*** Begin section ***
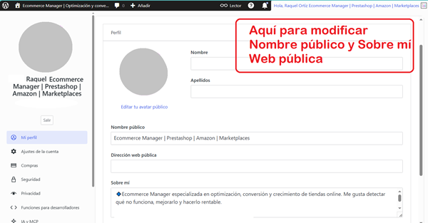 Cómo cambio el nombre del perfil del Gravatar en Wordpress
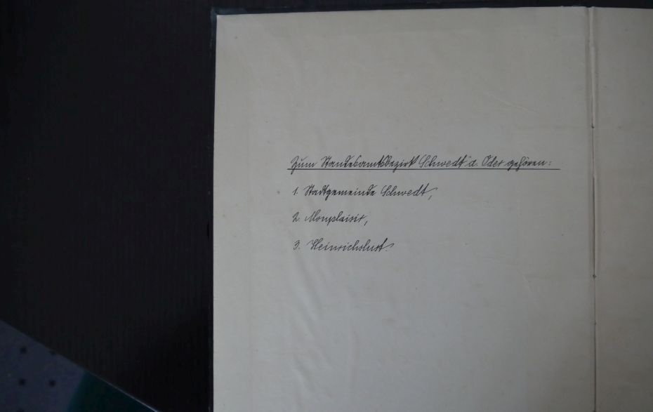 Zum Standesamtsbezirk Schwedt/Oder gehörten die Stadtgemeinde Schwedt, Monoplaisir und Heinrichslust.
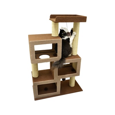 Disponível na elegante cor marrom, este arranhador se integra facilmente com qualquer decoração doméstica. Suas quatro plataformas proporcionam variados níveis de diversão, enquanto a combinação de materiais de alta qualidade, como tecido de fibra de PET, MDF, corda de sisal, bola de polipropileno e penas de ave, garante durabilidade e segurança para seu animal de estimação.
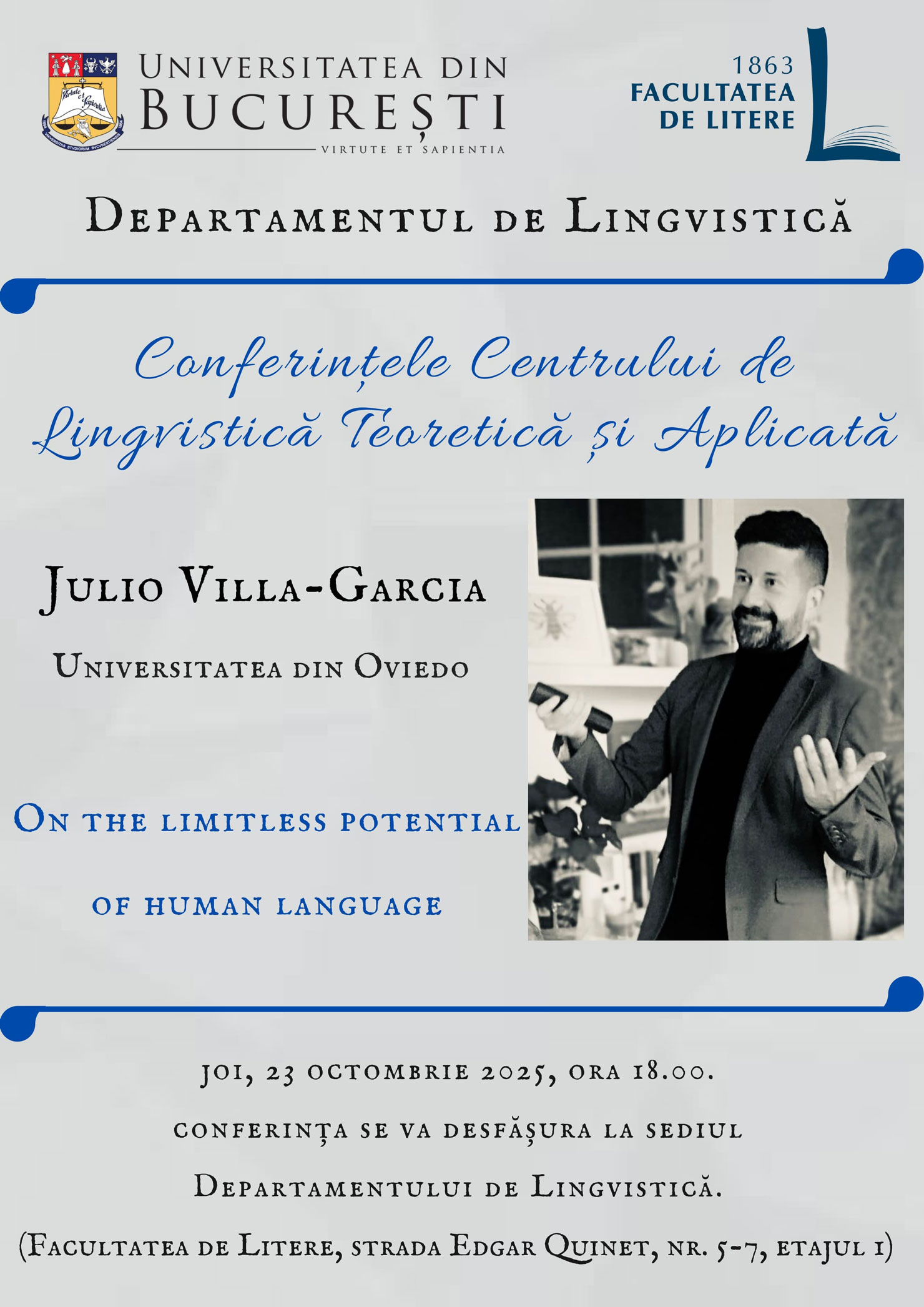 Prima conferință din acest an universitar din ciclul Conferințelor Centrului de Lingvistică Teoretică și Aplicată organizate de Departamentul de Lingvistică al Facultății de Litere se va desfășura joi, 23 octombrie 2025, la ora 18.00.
*** End section ***
The expected output is an exact retyping of the lines from the line with "Zum Standesamtsbezirk Schwedt/Oder" through the last line of the data, with both ends kept and the pictures dropped.

## Answer below
 Zum Standesamtsbezirk Schwedt/Oder gehörten die Stadtgemeinde Schwedt, Monoplaisir und Heinrichslust.
 Disponível na elegante cor marrom, este arranhador se integra facilmente com qualquer decoração doméstica. Suas quatro plataformas proporcionam variados níveis de diversão, enquanto a combinação de materiais de alta qualidade, como tecido de fibra de PET, MDF, corda de sisal, bola de polipropileno e penas de ave, garante durabilidade e segurança para seu animal de estimação.
 Prima conferință din acest an universitar din ciclul Conferințelor Centrului de Lingvistică Teoretică și Aplicată organizate de Departamentul de Lingvistică al Facultății de Litere se va desfășura joi, 23 octombrie 2025, la ora 18.00.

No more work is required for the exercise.